> Data items:
┄┄┄┄┄┄┄┄┄┄

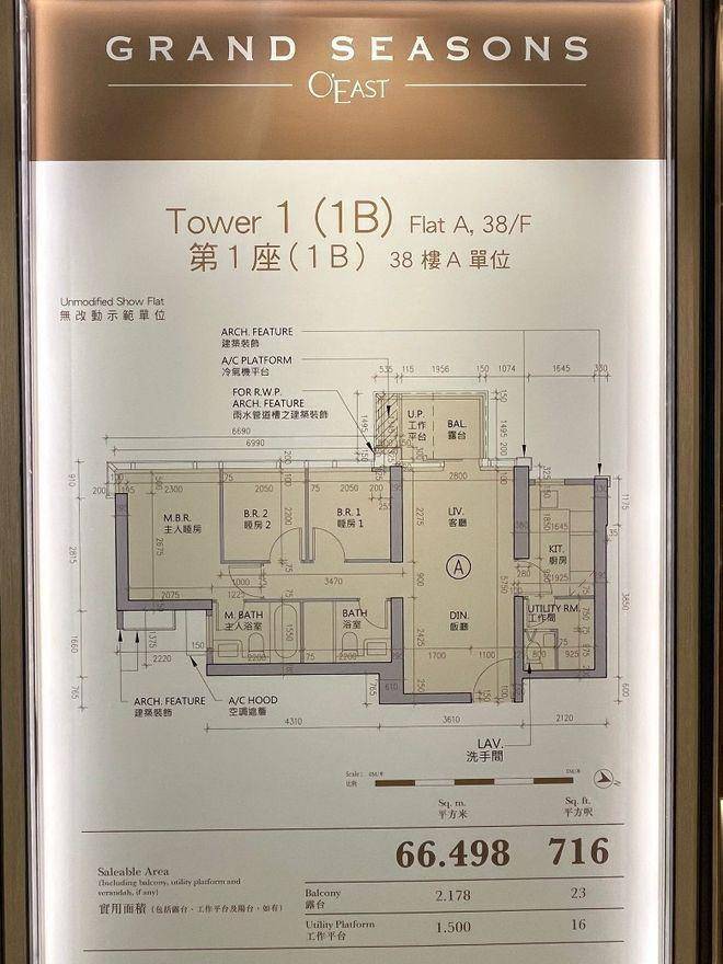 GRAND SEASONS 三房无改动示范单位参照第1B座38楼A室为蓝本而建,实用面积716方呎。
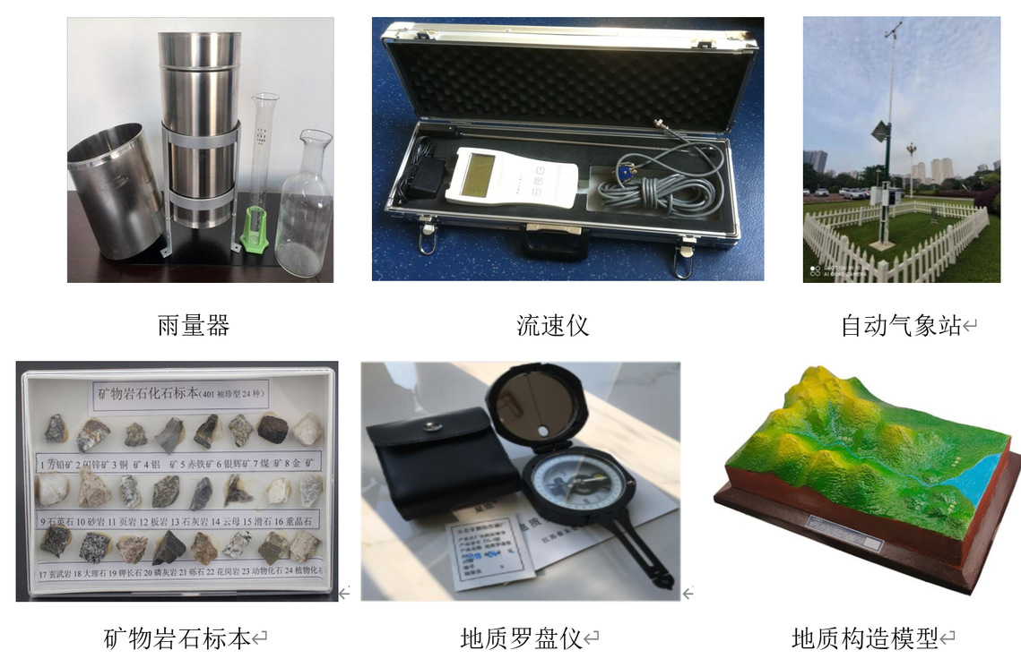 水文与地质实验室现有雨量器、蒸发器、流速仪、自动气象站、自制雨量监测仪、矿物岩石标本、地质罗盘仪、地质构造模型等实验设备,能够开设降雨量观测、蒸发量观测、断面流量测验、岩石标本识别与分析、地质构造分析、岩层产状测量等实验项目。
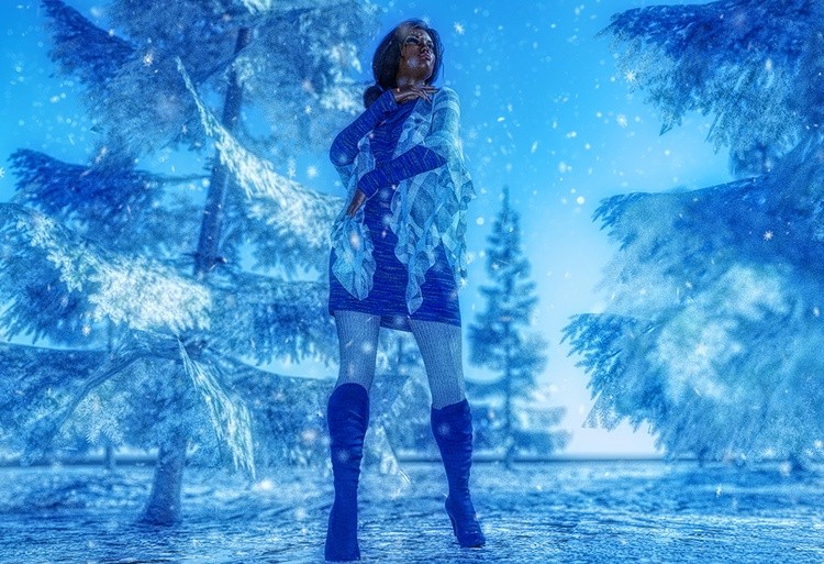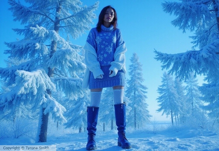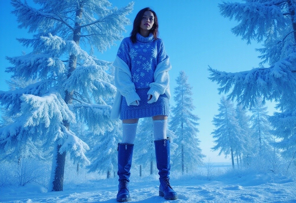 This is a photograph of a dark skin woman of African-American Decent standing in a snowy forest, captured in a surreal, blue-tinted style. The woman is centrally positioned, facing slightly to the right with a confident stance. She has light brown skin and long brown hair that falls over her shoulders. She is wearing a blue, long-sleeve knit sweater with a pattern of white and light blue snowflakes, and wearing a long white shawl with snowflake pattern layered over a dark blue mini dress. Her legs are covered in white fishnet tights, and she is wearing knee-high, blue, fur-lined boots. The background features tall, snow-covered pine trees, with the snowflakes on the branches and ground appearing almost ethereal due to the blue hue and falling from the sky. The ground is covered in a thick layer of snow, and there are small snowflakes gently falling from the sky, adding to the magical atmosphere. The sky is a bright, clear blue, and the overall lighting gives the scene a cool, almost otherworldly glow. The image has a dreamy, fantasy-like quality, enhanced by the blue tint that permeates the entire scene. The woman's expression is calm and serene, adding to the tranquil and enchanting mood of the photograph.
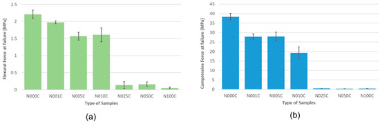 Experimental mechanical results. Average maximum forces obtained from (a) flexural and (b) compressive tests (error bars represent plus/minus the standard deviation σ).
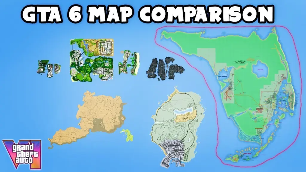 Data yang dihimpun oleh “GTA VI Mapping Project” sebuah kelompok komunitas yang merekonstruksi peta berdasarkan bocoran pengembangan dan trailer resmi, menunjukkan peningkatan skala yang masif.
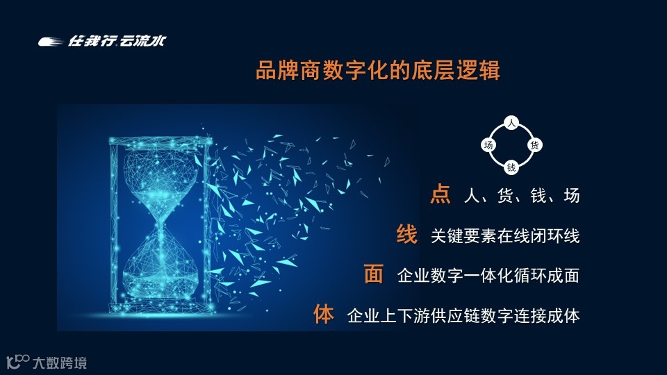 品牌商供应链数字化的底层逻辑就是“点线面体,人货场钱”串起来形成闭环,形成经销商面,再把经销商品牌商、服务商整个连起来,形成立体管道,这就是供应链数字化。
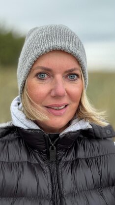 It has a double brim where the Italian cast-on is knitted together at the top. This makes the brim nice and elasticated. There is a sec-ond way to wear it on colder days by folding the brim again.
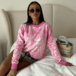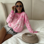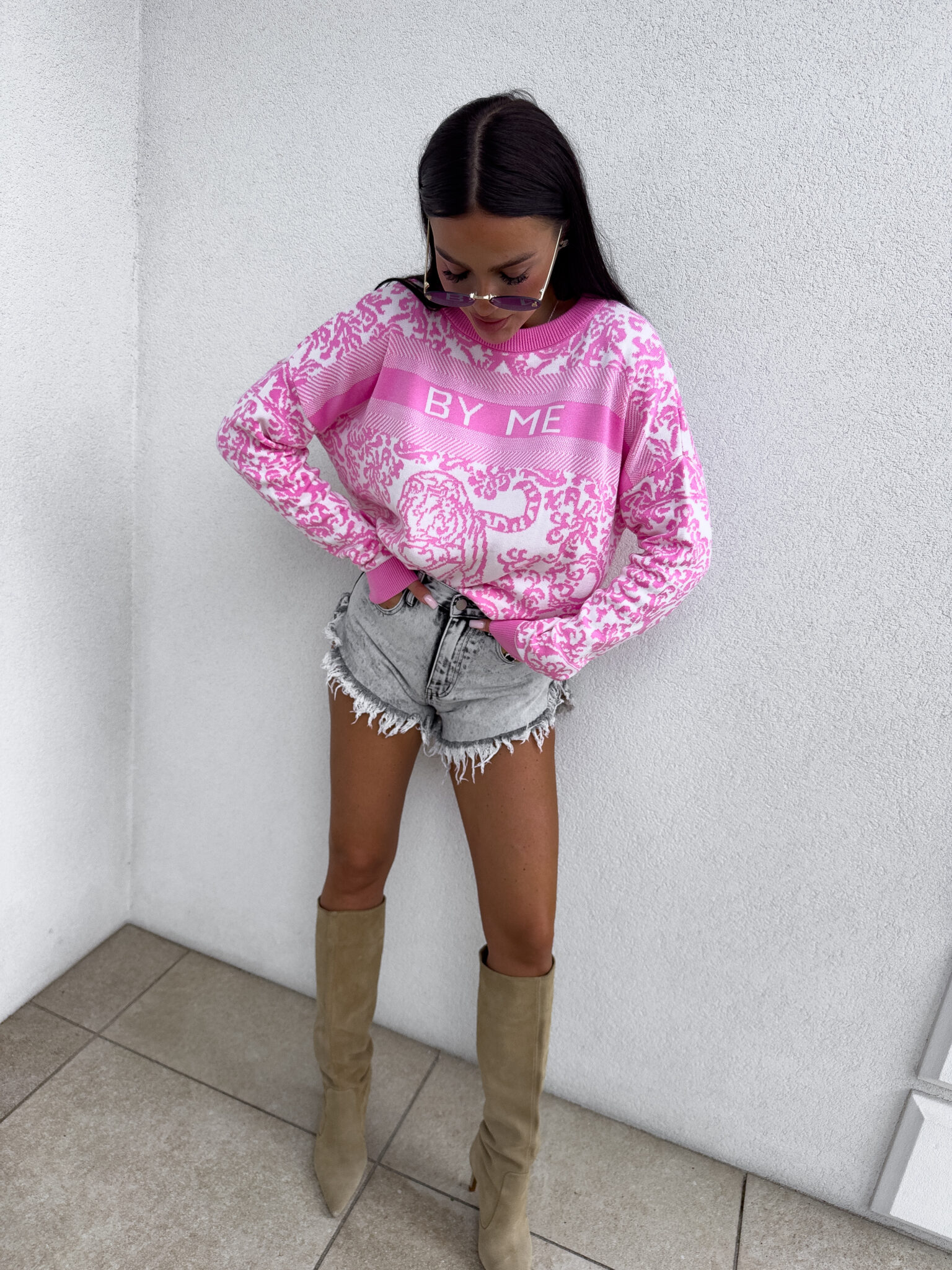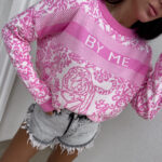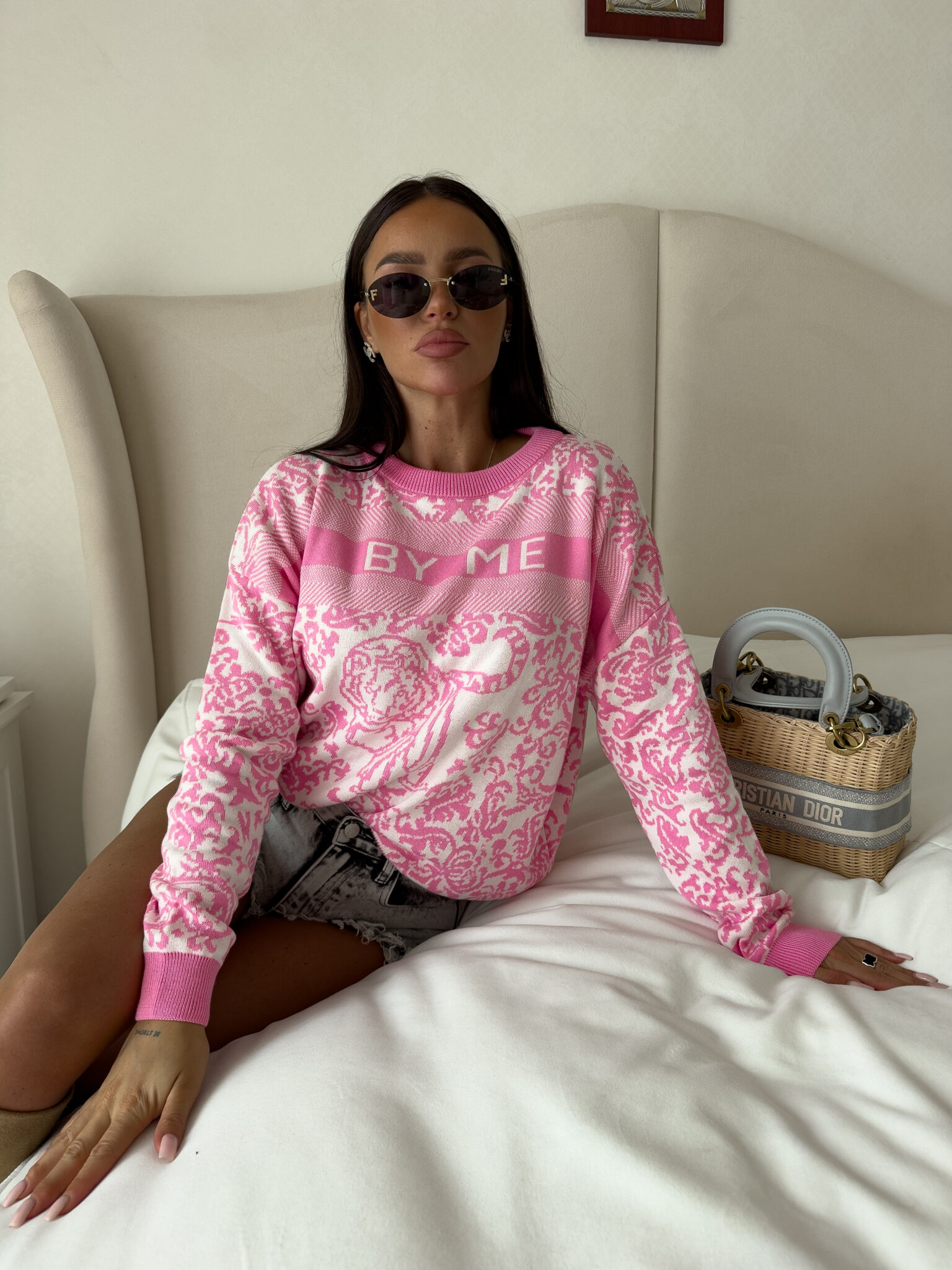 Sweter DIO o luźnym, oversize’owym kroju wykonany jest z miękkiego materiału i zakładany przez głowę. Ma długie rękawy ze ściągaczami przy mankietach i u dołu. Zdobiony jest wyrazistym motywem graficznym inspirowanym ornamentami oraz napisem „BY ME” na wysokości klatki piersiowej.
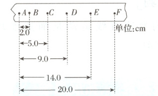 例② 在“探究小车速度随时间变化的规律”的实验中,打点计时器使用的交流电源的频率为 $50\ Hz$,记录小车运动的一段纸带如图所示,在纸带上选择 A、B、C、D、E 六个计数点,相邻两计数点之间还有四个点未画出。
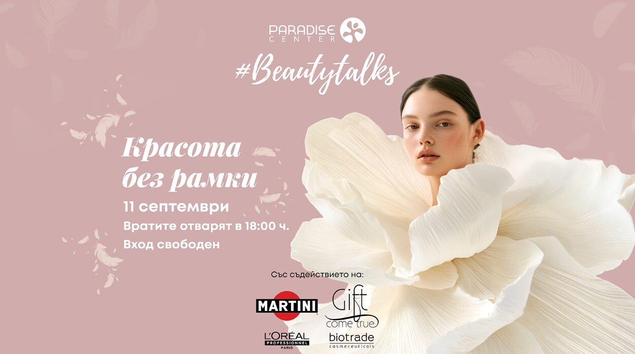Експерти в сферата на естетиката, психологията и модата ще говорят на първото издание на #BeautyTalks в Парадайс Център. „Кои са важните аспекти при избора на естетичен специалист и процедура?“, „Има ли изкуство в естетичната хирургия?“, „Как да избегнем бюти бърнаут?“ ще бъдат част от темите на събитието, което ще се проведе на 11 септември на откритата тераса (етаж +2) на търговския център и има за цел да създаде пространство за откровен и вдъхновяващ разговор за съвременните аспекти на красотата.
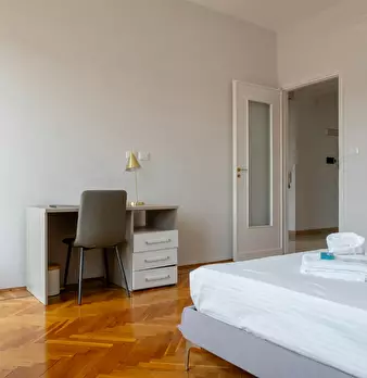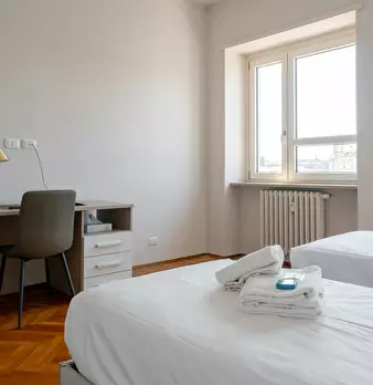 Ottima posizione, di fronte alla fermata della metropolitana, 10 minuti dalla stazione di porta nuova. L'appartamento si trova in uno stabile signorile al 5 piano con ascensore. La stanza è ad uso privato ed anche il bagno è ad uso privato.
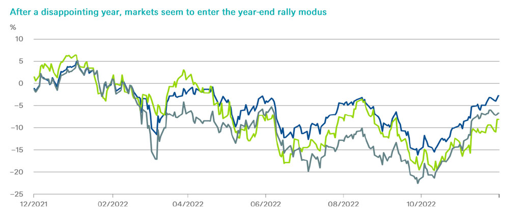 十一月當然不是一帆風順的,但相比前幾個月,感覺不那麼糟了。股市波動度(以S&P500的VIX指數衡量)從10月的高點35降至11月底的20。而追踪美國公債市場隱含波動率、今年尤其緊張的Move Index,本月平均也從150跌至130。本月最重要的發展可能是政府債券殖利率終於出現逆轉。10年期美國國債殖利率從4%以上跌至略高於3.5%,而德國公債殖利率從2.14% 跌至1.93%。這主要是由於美國通膨數據略有好轉,年增率降至7.7%,為1月份以來的最低水平。與此同時,央行行長們竭盡全力向投資者表明,即使通膨可能已經見頂,但問題遠未結束。我們認為央行行長是對的,他們傳達的訊息也很重要,因為市場的自滿可能會產生更好的融資條件,這將不利於對抗通膨。至於讓對抗通膨變得更加困難的則是極其緊張且具有韌性的勞動力市場——美國和歐洲的勞動力和技術勞工短缺問題持續存在。
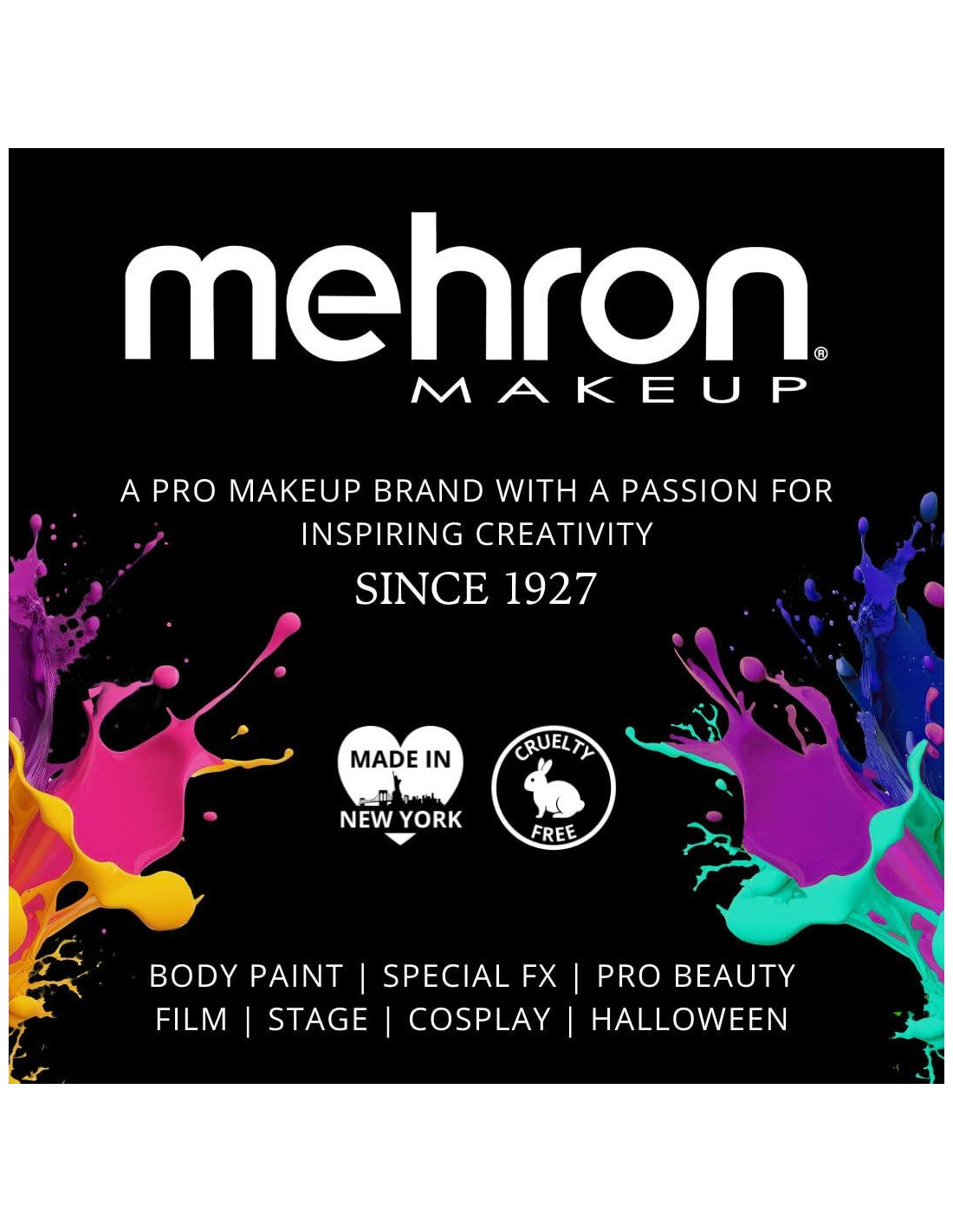 - ACERCA DE MEHRON: Durante más de 95 años, Mehron ha sido una empresa líder en la industria del maquillaje profesional con una pasión por inspirar la creatividad. Los cosméticos y productos de efectos especiales galardonados de Mehron se utilizan en la mayoría de las actuaciones en el escenario y en el cine en Hollywood, en Broadway y por artistas de todo el mundo. Mehron ha sido confiable por profesionales desde 1927 por tener los más altos estándares de seguridad, rendimiento y calidad. Los productos de Mehron se fabrican en los EE. UU. y siempre son libres de crueldad.

┄┄┄┄┄┄┄┄┄┄

From the data above, return only the lines starting at the line that holds "It has a double" and ending at the line that holds "Sweter DIO o", word for word and without pictures.

 It has a double brim where the Italian cast-on is knitted together at the top. This makes the brim nice and elasticated. There is a sec-ond way to wear it on colder days by folding the brim again.
 Sweter DIO o luźnym, oversize’owym kroju wykonany jest z miękkiego materiału i zakładany przez głowę. Ma długie rękawy ze ściągaczami przy mankietach i u dołu. Zdobiony jest wyrazistym motywem graficznym inspirowanym ornamentami oraz napisem „BY ME” na wysokości klatki piersiowej.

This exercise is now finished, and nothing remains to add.